After completing this section, you should be able to:

Define the forward implied volatility surface and its relationship to conditional densities
Derive the forward smile under local volatility from the local volatility surface
Prove that local volatility forward smiles are flatter than spot smiles
Compare forward smiles under local volatility and stochastic volatility
Quantify the pricing impact on forward-starting options and cliquets

Definition of the Forward Smile¶

Forward-Starting Options¶

A forward-starting European call with reset date $t$ and expiry $T > t$ has payoff:

\[ (S_T - \alpha S_t)^+ \]

where $\alpha > 0$ is a fixed percentage strike (e.g., $\alpha = 1$ for ATM forward-starting). The strike is set at time $t$ as a fraction of the then-prevailing spot $S_t$, and the option is exercised at time $T$.

The price at time $0$ is:

\[ C_{\text{fwd}}(\alpha, t, T) = e^{-rT}\mathbb{E}^{\mathbb{Q}}\bigl[(S_T - \alpha S_t)^+\bigr] \]

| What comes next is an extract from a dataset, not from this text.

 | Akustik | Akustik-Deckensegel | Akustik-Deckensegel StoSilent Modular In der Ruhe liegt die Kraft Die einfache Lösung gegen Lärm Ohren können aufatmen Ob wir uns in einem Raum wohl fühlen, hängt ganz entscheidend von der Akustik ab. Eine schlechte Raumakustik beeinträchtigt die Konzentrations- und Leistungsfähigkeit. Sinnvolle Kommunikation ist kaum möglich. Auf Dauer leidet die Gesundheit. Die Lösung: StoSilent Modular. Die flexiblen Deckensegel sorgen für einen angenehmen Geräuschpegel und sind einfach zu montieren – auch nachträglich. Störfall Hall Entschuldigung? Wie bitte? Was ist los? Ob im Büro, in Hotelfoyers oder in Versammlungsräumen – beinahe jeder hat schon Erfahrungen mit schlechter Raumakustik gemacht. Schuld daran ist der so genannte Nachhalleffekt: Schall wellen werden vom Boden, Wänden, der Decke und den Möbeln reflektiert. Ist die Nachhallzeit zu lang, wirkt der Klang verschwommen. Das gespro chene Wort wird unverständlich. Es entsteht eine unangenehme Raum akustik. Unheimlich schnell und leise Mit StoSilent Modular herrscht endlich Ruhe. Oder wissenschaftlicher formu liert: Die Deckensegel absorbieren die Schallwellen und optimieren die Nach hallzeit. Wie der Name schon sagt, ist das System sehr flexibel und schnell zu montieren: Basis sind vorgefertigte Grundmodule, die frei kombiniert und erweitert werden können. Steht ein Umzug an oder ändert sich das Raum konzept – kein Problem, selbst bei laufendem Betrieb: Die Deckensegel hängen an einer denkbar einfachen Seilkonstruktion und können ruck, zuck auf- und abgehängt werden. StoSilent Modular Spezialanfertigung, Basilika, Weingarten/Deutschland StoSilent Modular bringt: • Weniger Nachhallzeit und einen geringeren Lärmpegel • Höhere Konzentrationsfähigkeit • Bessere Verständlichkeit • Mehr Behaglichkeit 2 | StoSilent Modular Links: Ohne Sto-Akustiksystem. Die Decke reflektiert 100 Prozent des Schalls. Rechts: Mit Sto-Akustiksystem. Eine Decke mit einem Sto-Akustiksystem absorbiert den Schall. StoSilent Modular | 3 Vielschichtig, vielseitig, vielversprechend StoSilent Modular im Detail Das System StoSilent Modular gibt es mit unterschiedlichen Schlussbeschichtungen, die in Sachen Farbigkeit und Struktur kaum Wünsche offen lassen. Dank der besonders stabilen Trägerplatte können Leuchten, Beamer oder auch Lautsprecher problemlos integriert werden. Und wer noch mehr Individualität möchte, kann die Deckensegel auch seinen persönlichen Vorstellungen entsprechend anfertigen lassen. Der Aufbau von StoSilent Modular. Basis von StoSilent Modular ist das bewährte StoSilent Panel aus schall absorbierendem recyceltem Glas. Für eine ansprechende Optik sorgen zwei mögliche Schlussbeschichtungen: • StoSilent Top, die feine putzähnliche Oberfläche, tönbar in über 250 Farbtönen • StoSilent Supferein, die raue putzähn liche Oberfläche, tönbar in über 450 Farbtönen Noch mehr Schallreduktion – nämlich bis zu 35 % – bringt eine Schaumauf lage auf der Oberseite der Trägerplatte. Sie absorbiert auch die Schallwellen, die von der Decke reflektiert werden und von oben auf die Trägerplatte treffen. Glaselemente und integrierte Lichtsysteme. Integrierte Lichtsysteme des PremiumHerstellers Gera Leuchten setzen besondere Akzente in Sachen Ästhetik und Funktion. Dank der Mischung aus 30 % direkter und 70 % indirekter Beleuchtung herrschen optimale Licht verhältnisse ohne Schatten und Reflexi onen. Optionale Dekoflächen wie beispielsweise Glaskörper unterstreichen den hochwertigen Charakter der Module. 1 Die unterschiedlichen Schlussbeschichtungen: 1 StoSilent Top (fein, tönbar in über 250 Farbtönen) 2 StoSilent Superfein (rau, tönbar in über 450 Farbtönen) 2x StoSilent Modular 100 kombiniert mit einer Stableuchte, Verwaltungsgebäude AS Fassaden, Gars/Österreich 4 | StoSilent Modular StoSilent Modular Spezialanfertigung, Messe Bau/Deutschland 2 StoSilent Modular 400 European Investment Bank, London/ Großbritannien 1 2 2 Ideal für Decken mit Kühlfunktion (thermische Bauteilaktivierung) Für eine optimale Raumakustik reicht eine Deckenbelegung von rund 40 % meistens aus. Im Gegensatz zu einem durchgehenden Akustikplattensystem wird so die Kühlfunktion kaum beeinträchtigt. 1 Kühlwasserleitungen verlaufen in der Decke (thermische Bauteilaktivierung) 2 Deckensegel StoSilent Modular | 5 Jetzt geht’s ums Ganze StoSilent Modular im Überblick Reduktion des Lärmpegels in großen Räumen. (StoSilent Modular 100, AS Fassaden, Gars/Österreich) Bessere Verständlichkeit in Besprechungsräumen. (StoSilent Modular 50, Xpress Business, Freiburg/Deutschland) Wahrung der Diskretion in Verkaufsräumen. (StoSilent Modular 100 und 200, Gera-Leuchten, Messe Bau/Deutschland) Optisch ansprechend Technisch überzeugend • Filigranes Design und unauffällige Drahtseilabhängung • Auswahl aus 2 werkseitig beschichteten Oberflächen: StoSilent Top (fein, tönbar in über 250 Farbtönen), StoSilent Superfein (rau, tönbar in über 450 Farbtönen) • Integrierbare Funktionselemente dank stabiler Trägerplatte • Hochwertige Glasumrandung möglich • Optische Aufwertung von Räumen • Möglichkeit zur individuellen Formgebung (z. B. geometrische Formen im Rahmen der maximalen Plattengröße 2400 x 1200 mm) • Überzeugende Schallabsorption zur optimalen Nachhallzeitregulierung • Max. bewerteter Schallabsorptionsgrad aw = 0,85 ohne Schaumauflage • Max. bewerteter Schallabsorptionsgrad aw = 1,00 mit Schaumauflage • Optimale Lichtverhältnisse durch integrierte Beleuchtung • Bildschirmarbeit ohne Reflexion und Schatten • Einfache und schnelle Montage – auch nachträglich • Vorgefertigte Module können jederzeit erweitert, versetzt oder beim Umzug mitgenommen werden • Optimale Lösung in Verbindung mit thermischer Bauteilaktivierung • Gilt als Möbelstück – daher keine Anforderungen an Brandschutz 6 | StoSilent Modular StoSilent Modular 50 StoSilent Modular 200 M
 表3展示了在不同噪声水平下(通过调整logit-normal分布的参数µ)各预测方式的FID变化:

The Forward Implied Volatility¶

The forward implied volatility $\sigma_{\text{fwd}}(\alpha, t, T)$ is defined as the constant volatility that, plugged into a Black-Scholes formula with "spot" $S_t$ and "strike" $\alpha S_t$, gives the forward-starting option price conditional on $S_t$:

\[ C_{\text{fwd}}(\alpha, t, T \mid S_t) = C_{\text{BS}}\bigl(S_t, \alpha S_t, T - t, r, q, \sigma_{\text{fwd}}(\alpha, t, T)\bigr) \]

The forward smile $\alpha \mapsto \sigma_{\text{fwd}}(\alpha, t, T)$ is the implied volatility smile that will apply to options initiated at time $t$.

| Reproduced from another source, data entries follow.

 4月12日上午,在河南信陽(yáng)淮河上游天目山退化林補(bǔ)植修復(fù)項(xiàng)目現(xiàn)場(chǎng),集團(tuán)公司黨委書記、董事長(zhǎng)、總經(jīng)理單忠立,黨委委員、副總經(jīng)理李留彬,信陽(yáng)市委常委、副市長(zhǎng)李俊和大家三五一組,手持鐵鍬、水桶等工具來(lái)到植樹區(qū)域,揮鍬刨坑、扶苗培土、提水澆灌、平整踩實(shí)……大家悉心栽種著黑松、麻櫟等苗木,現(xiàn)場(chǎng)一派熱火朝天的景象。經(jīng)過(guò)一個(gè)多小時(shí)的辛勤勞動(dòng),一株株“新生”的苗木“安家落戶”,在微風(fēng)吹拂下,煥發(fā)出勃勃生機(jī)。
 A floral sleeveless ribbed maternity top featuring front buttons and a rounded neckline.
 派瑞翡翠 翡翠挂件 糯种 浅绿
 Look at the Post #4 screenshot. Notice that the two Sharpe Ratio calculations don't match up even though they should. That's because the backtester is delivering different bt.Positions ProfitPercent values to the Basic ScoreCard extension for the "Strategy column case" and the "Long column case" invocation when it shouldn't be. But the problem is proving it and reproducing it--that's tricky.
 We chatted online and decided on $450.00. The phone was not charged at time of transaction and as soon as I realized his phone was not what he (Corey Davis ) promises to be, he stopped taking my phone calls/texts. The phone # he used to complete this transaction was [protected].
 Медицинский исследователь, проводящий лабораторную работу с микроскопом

Connection to Conditional Density¶

The forward smile encodes the conditional density $p(S_T \mid S_t)$:

\[ C_{\text{fwd}}(\alpha, t, T \mid S_t) = e^{-r(T-t)}\int_{\alpha S_t}^{\infty}(S - \alpha S_t) p(S, T \mid S_t) \, dS \]

Two models calibrated to the same spot smile (same marginals of $S_T$) can have different conditional densities $p(S_T \mid S_t)$ and hence different forward smiles.

Forward Smile Under Local Volatility¶

Derivation¶

Under the local volatility model, the dynamics are:

\[ dS_u = (r - q)S_u \, du + \sigma_{\text{loc}}(S_u, u) S_u \, dW_u^{\mathbb{Q}} \]

Given $S_t = K$, the evolution for $u \in [t, T]$ depends on $\sigma_{\text{loc}}(S_u, u)$ for $S_u$ near $K$. The forward smile at time $t$ is determined by the local volatility surface restricted to $[t, T]$ and the distribution of paths starting from $S_t = K$.

Proposition 13.5.3 (Forward Smile Under Local Volatility). Under the local volatility model, the forward implied volatility at the ATM forward strike ($\alpha = 1$) satisfies:

\[ \sigma_{\text{fwd}}^2(1, t, T) \approx \frac{1}{T - t}\int_t^T \sigma_{\text{loc}}^2(K, u) \, du \]

where $K = S_0 e^{(r-q)t}$ is the forward spot at time $t$. The forward ATM vol is the time-average of the local volatility along the forward path.

Why the Forward Smile Flattens¶

The forward smile is flatter than the spot smile for a fundamental reason: the local volatility surface is already calibrated to produce the spot smile, and averaging over paths that start at $S_t = K$ effectively smooths out the variation across strikes.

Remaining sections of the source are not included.